みんなで守る地域の農地――世代を超えた協力体制

新発田市

 地域の農地は地域で守る──。新発田市中ノ目新田の農事組合法人「やじろべえ」は、こうした信念の基、儲(もう)けだけの農業ではなく「半農半X」のライフスタイルで所得と生きがいを確保しながら集落機能の維持に取り組んでいる。

力を合わせて作業するやじろべえの構成員
収入保険の説明を受ける渡辺さん(右)と岩淵さん

 同法人は2019年に設立。11戸で構成され、平均年齢は60代半ばだ。30㌶からスタートした耕作面積は年々増加し、現在は50㌶まで拡大。昨年はライスセンターを新設した。
 今後も規模の拡大が見込まれているが「地域外の圃場は基本的に受託しない」と代表理事の渡辺守さん(66)は話す。徹底した効率化を図るために、圃場の集約と管理や作業体系を見直し、振り分けることで作業が効率よくできるようになった。「構成員やその家族にとって無理のない働き方ができることが、何より大切だ」と渡辺さん。
 また、若い世代にノウハウが継承できるように、若者と年配者が一緒に作業することを心掛けがけている。

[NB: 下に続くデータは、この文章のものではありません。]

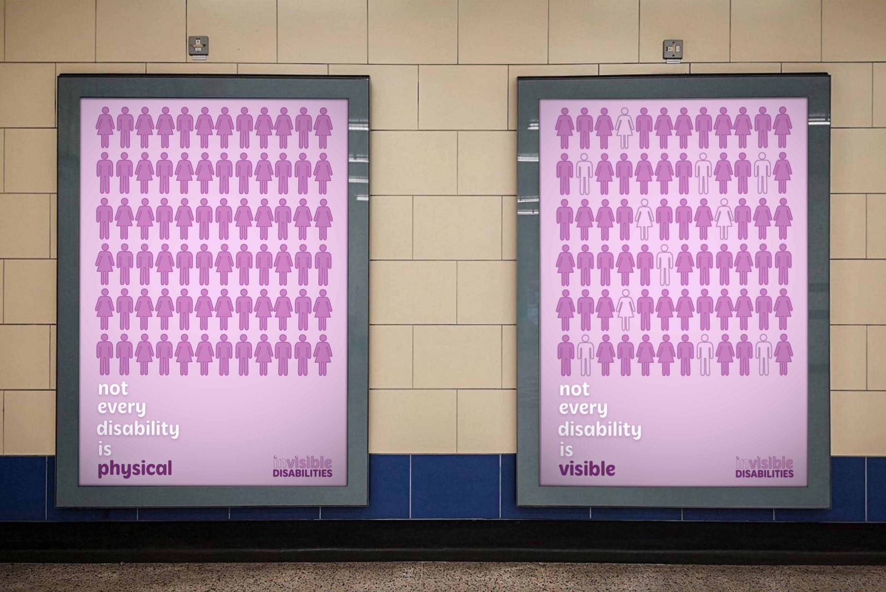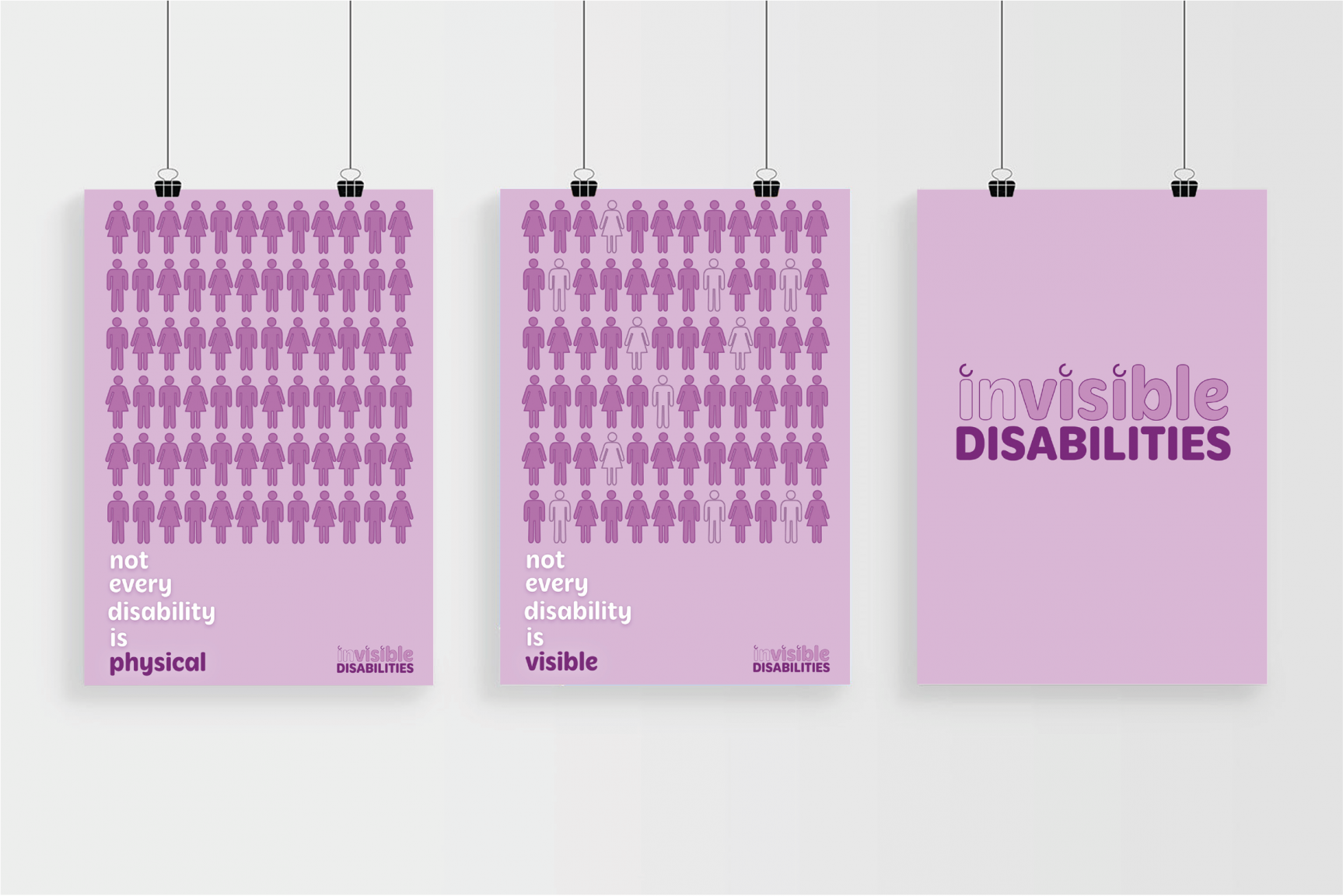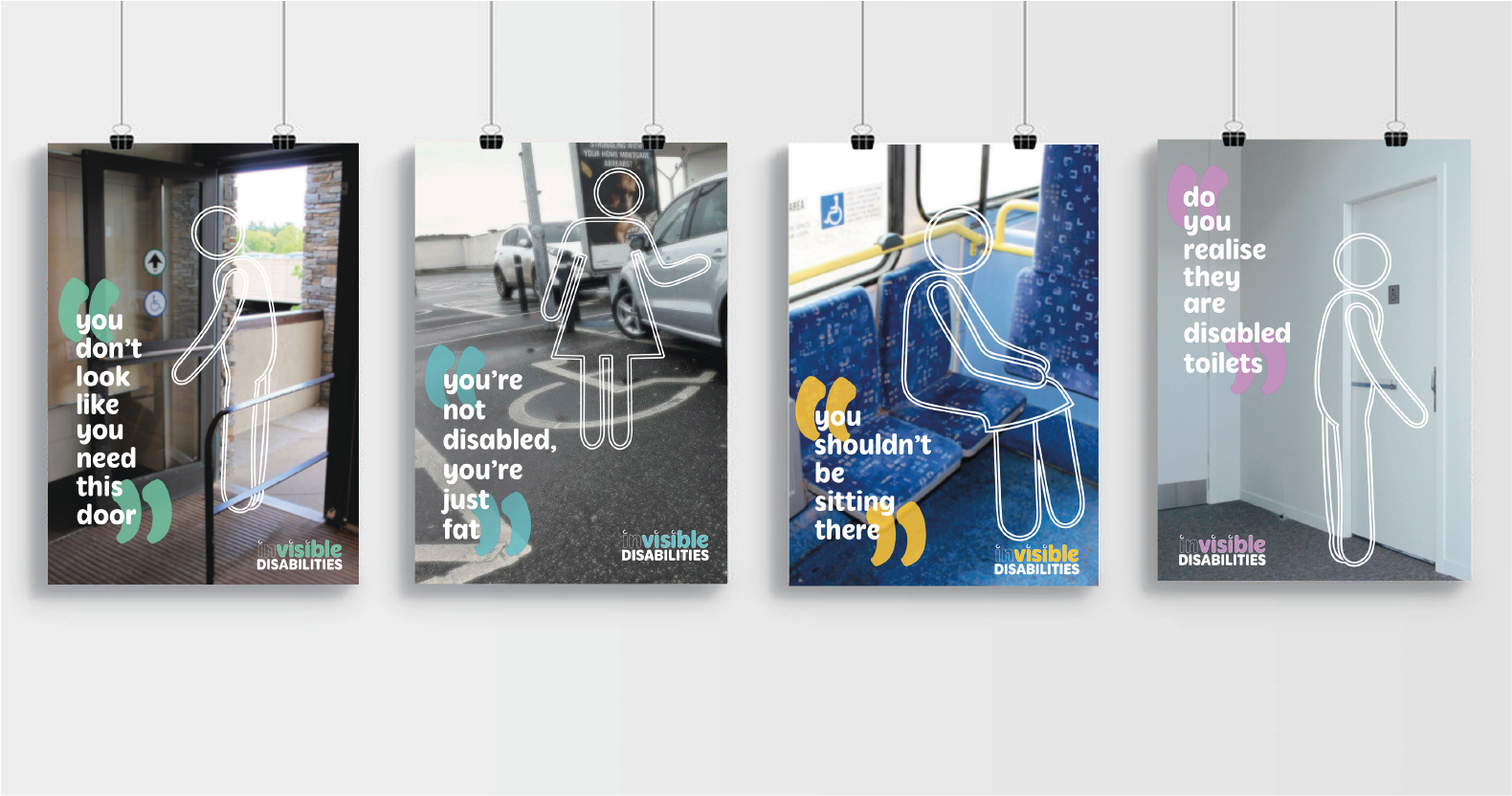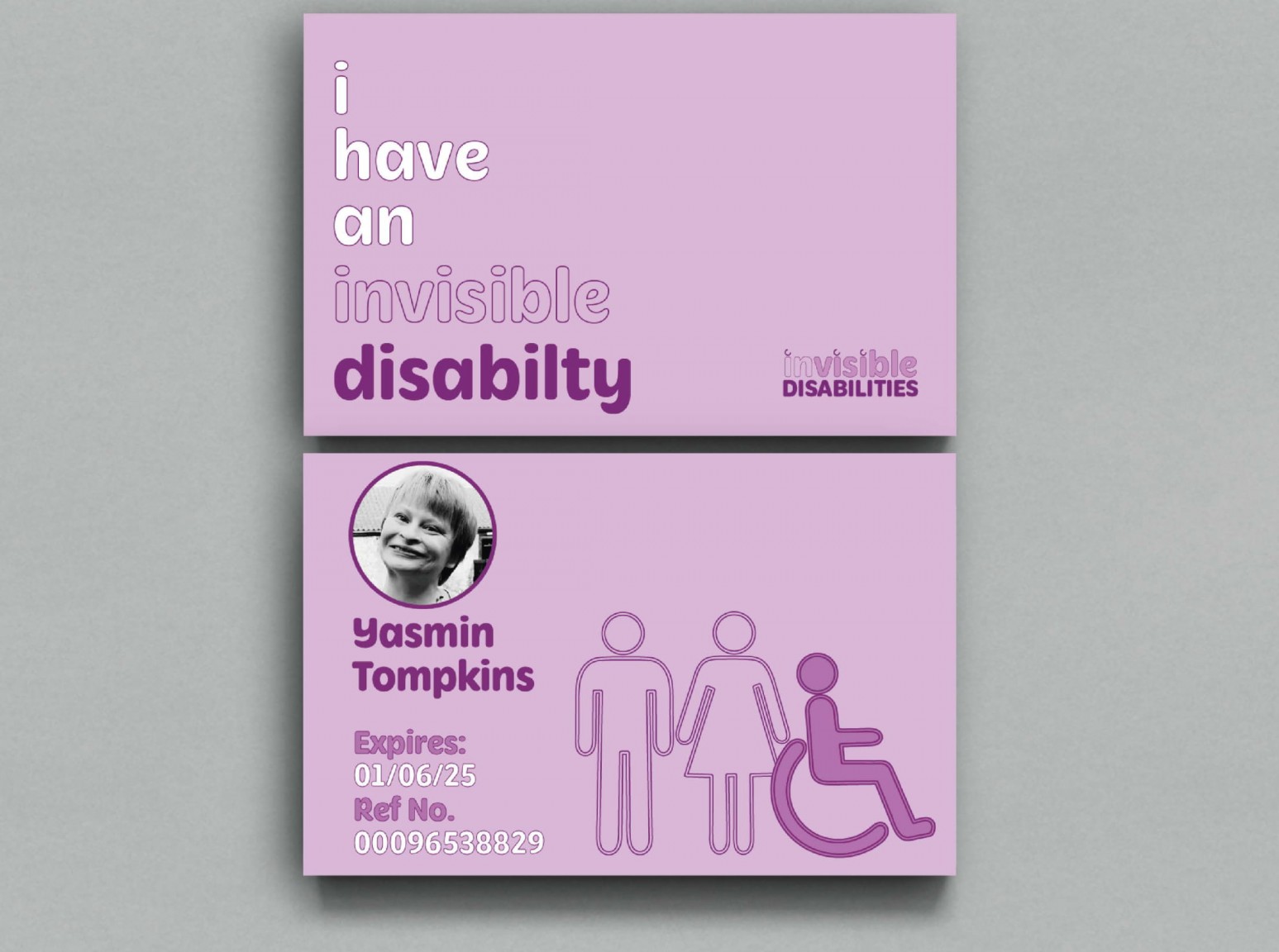 Invisible disabilities include psychiatric disabilities (anxiety disorders, major depression, bipolar and schizophrenia etc.) traumatic brain injury, epilepsy, HIV/AIDS, diabetes, chronic fatigue syndrome, cystic fibrosis, ADHD/ADD and learning disabilities, all of which are normally not apparent when looking at a person. Society often ranks disabilities, comparing physical to non-physical, with it commonly assumed that someone wheelchair bound has more of a right to use disabled public access over someone who has a hidden disability. Individuals who have a disability need a space that can help them and make their day-to-day life that bit easier – disabled toilets, parking, seats on public transport or accessible doors. Tompkins campaign has multiple outcomes to maximise public awareness: a logo, posters, infographics, mini animation, website, badges and identity cards.

「地域農業を維持するためには、若い世代の協力が必要」と会計の岩渕昌勝さん(62)は話す。
 「昨年は出穂期ごろの高温による不稔(ふねん)粒の発生や登熟期の低温などの影響で、収穫量が平年より減少した。また、『新之助』が胴割れの被害で『その他うるち米』となり、収入にも影響が大きかった」と振り返る渡辺さん。収入安定のためのリスク管理として「収入保険について全員で相談し、前向きに検討していく」と話す。
 今後も半農半Xのスタイルで「やじろべえのようにしなやかにバランスを取りながら、構成員とその家族と一緒に地域の圃場を守り、農業を続けていきたい」と渡辺さんは目標を話している。